BEGIN
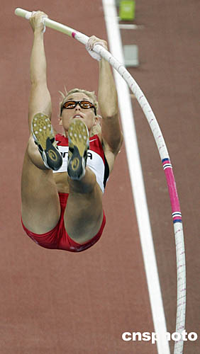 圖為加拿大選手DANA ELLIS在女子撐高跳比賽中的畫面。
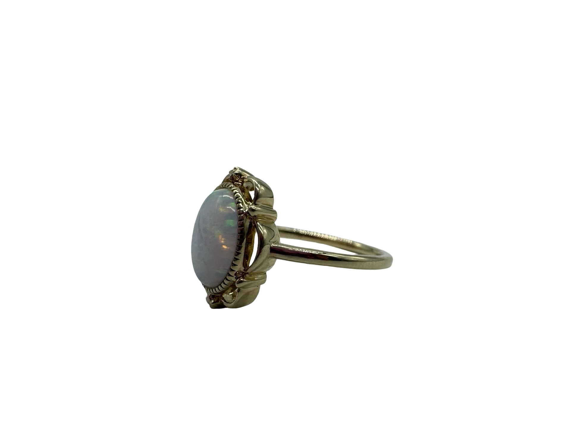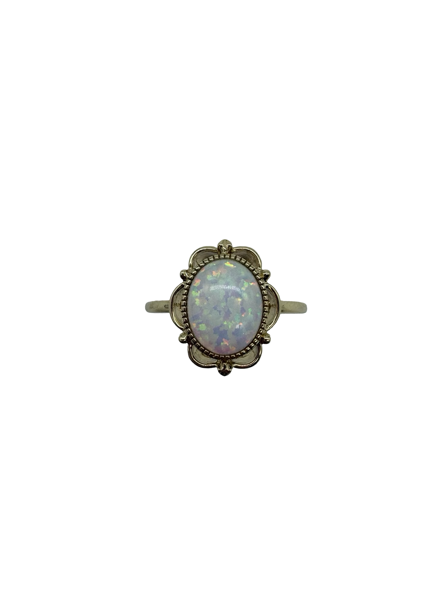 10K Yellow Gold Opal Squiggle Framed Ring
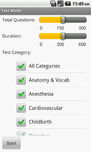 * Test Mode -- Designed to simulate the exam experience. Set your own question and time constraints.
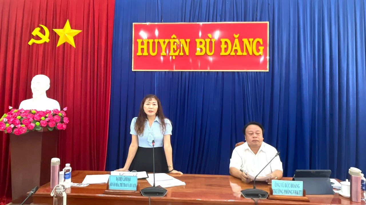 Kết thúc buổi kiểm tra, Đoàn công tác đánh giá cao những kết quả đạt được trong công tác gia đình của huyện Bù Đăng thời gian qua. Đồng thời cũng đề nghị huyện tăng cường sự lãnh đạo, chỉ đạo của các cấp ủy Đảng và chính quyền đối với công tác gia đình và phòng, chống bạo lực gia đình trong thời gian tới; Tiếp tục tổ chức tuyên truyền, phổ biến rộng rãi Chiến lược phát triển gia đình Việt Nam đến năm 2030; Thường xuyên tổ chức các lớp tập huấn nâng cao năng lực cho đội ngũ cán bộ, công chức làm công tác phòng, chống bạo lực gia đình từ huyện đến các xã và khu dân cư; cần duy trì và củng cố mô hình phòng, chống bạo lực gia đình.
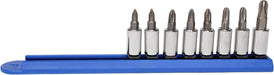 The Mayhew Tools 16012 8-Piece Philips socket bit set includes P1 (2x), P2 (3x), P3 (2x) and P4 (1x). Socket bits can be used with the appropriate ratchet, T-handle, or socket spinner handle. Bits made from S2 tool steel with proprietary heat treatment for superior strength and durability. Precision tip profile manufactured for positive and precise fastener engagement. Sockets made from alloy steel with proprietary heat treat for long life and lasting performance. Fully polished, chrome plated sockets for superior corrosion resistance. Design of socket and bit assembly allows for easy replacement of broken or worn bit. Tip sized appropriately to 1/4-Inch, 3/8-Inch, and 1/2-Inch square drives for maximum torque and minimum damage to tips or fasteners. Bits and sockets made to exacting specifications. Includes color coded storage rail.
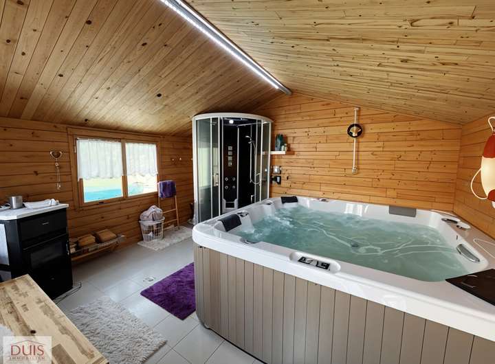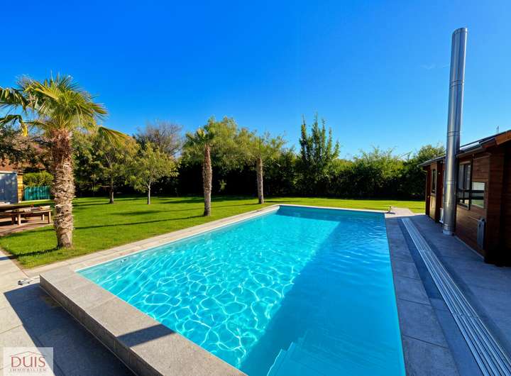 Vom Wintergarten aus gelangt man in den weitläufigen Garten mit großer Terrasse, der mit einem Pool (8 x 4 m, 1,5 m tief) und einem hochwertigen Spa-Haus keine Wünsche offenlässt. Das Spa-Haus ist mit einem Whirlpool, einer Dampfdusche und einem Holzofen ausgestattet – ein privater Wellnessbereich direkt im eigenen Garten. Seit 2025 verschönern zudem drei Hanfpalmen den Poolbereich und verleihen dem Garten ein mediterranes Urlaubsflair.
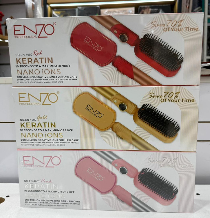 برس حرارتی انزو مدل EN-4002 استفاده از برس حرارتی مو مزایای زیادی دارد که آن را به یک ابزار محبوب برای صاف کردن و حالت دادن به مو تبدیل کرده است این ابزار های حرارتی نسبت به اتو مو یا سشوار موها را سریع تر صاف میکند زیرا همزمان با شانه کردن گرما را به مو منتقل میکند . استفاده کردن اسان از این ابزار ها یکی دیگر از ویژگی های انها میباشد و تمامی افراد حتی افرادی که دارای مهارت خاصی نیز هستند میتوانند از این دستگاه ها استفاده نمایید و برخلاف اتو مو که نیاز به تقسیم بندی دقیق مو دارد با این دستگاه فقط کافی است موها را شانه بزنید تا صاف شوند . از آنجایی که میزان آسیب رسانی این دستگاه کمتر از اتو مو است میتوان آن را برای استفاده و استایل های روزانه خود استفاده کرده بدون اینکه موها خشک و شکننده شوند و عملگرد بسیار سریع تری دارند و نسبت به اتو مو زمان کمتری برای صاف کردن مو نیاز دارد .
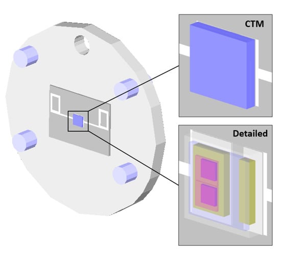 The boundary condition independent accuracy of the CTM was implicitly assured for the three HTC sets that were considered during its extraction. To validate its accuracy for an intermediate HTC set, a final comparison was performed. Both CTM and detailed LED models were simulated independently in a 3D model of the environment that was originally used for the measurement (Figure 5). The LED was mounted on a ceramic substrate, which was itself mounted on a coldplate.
END
◆ **Task directions**
From the top of the listing above, repeat each line exactly until you reach the line containing "The Mayhew Tools", and repeat that one too. Leave the pictures out.

◆ **Response for this exercise**
 圖為加拿大選手DANA ELLIS在女子撐高跳比賽中的畫面。
 10K Yellow Gold Opal Squiggle Framed Ring
 * Test Mode -- Designed to simulate the exam experience. Set your own question and time constraints.
 Kết thúc buổi kiểm tra, Đoàn công tác đánh giá cao những kết quả đạt được trong công tác gia đình của huyện Bù Đăng thời gian qua. Đồng thời cũng đề nghị huyện tăng cường sự lãnh đạo, chỉ đạo của các cấp ủy Đảng và chính quyền đối với công tác gia đình và phòng, chống bạo lực gia đình trong thời gian tới; Tiếp tục tổ chức tuyên truyền, phổ biến rộng rãi Chiến lược phát triển gia đình Việt Nam đến năm 2030; Thường xuyên tổ chức các lớp tập huấn nâng cao năng lực cho đội ngũ cán bộ, công chức làm công tác phòng, chống bạo lực gia đình từ huyện đến các xã và khu dân cư; cần duy trì và củng cố mô hình phòng, chống bạo lực gia đình.
 The Mayhew Tools 16012 8-Piece Philips socket bit set includes P1 (2x), P2 (3x), P3 (2x) and P4 (1x). Socket bits can be used with the appropriate ratchet, T-handle, or socket spinner handle. Bits made from S2 tool steel with proprietary heat treatment for superior strength and durability. Precision tip profile manufactured for positive and precise fastener engagement. Sockets made from alloy steel with proprietary heat treat for long life and lasting performance. Fully polished, chrome plated sockets for superior corrosion resistance. Design of socket and bit assembly allows for easy replacement of broken or worn bit. Tip sized appropriately to 1/4-Inch, 3/8-Inch, and 1/2-Inch square drives for maximum torque and minimum damage to tips or fasteners. Bits and sockets made to exacting specifications. Includes color coded storage rail.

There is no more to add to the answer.